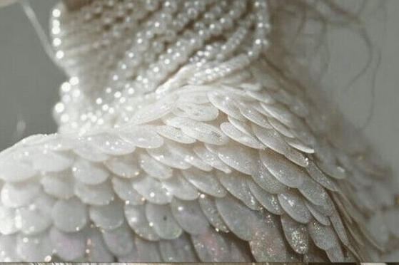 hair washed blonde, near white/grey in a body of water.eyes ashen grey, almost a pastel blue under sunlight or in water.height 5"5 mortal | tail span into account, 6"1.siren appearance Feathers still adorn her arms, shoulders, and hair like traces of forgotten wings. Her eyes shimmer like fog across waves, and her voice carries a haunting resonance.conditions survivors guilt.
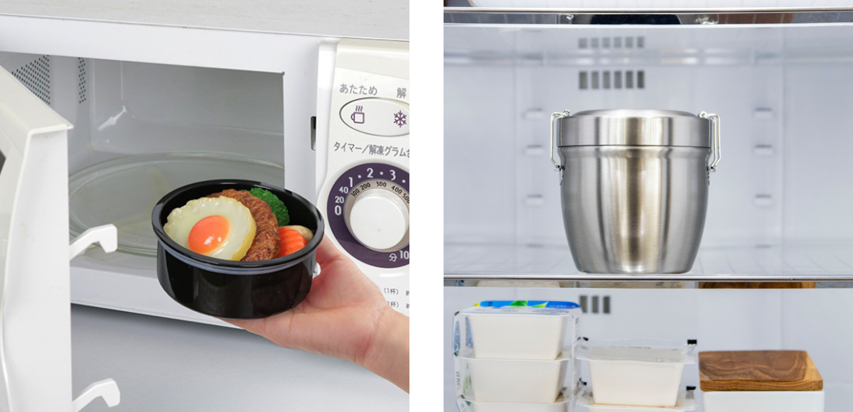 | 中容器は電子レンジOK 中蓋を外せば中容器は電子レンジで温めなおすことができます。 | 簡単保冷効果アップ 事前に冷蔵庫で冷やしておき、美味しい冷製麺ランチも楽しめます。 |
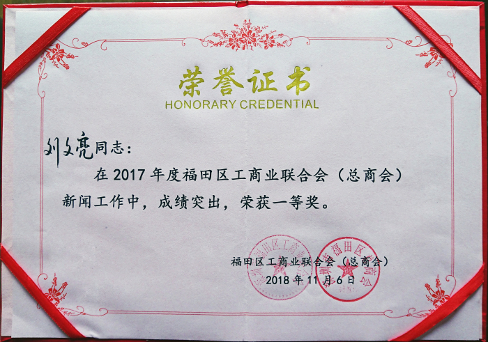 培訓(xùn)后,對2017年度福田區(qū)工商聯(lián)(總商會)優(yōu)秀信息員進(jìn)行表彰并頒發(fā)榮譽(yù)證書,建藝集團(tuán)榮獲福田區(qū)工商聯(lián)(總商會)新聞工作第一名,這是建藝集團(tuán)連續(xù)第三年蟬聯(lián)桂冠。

==========

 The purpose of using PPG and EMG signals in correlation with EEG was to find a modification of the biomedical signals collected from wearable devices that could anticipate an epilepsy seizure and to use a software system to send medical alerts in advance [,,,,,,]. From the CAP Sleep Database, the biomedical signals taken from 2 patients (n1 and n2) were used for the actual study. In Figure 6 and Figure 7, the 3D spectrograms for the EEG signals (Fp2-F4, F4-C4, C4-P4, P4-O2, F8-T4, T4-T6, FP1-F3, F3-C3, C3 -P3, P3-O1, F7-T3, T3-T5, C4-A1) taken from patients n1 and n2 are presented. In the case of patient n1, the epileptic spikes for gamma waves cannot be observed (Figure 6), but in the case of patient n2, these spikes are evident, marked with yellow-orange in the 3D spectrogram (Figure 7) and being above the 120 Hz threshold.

==========

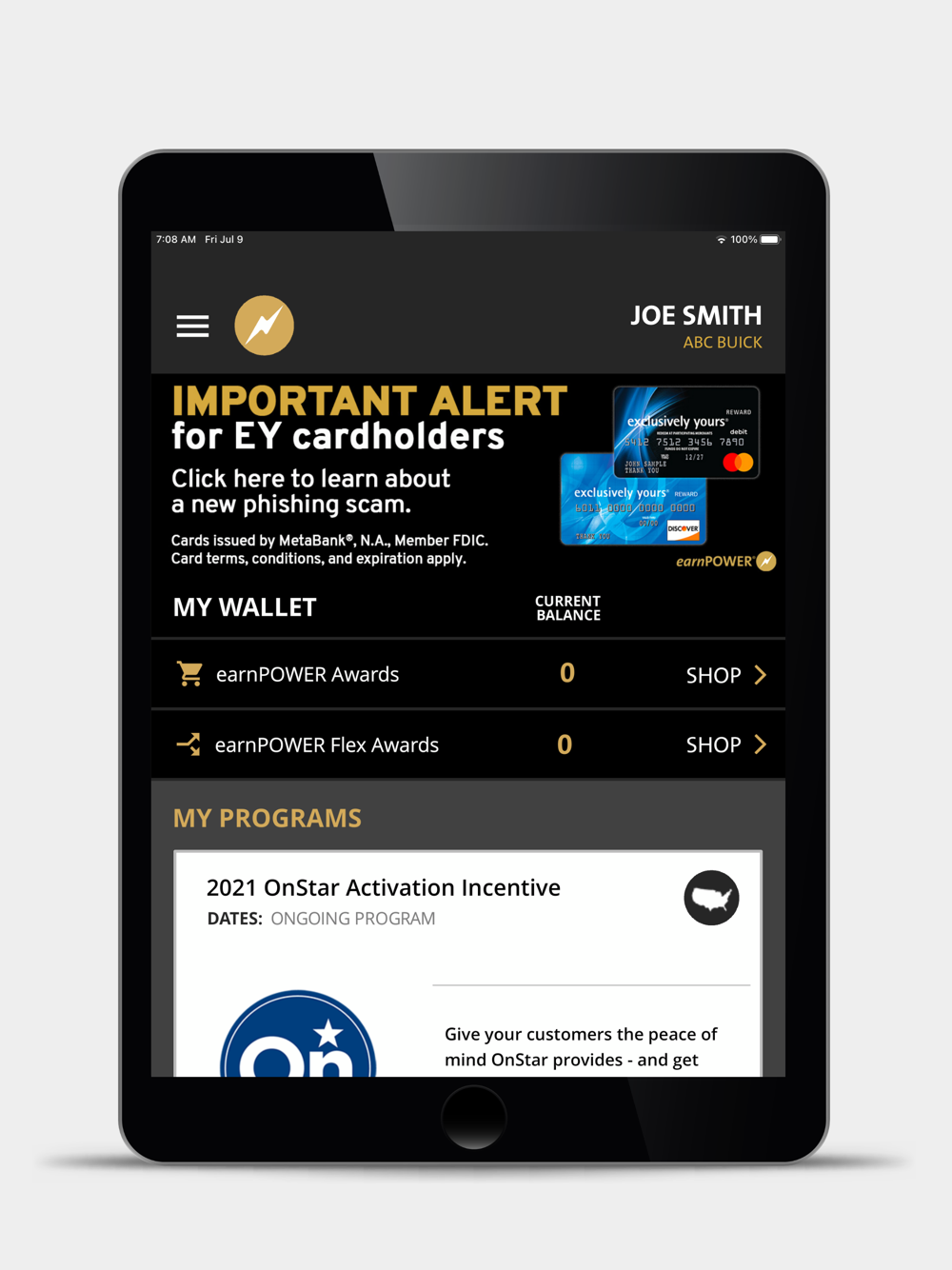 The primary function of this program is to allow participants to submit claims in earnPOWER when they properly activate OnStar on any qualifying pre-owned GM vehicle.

==========

#### Description of the task:
Copy exactly the part of the material above that opens with the line containing "簡単保冷効果アップ 事前に冷蔵庫で冷やしておき、美味しい冷製麺ランチも楽しめます。 |" and closes with the line containing "培訓(xùn)后,對2017", ends included. Drop the images.

#### Final answer:
 | 中容器は電子レンジOK 中蓋を外せば中容器は電子レンジで温めなおすことができます。 | 簡単保冷効果アップ 事前に冷蔵庫で冷やしておき、美味しい冷製麺ランチも楽しめます。 |
 培訓(xùn)后,對2017年度福田區(qū)工商聯(lián)(總商會)優(yōu)秀信息員進(jìn)行表彰并頒發(fā)榮譽(yù)證書,建藝集團(tuán)榮獲福田區(qū)工商聯(lián)(總商會)新聞工作第一名,這是建藝集團(tuán)連續(xù)第三年蟬聯(lián)桂冠。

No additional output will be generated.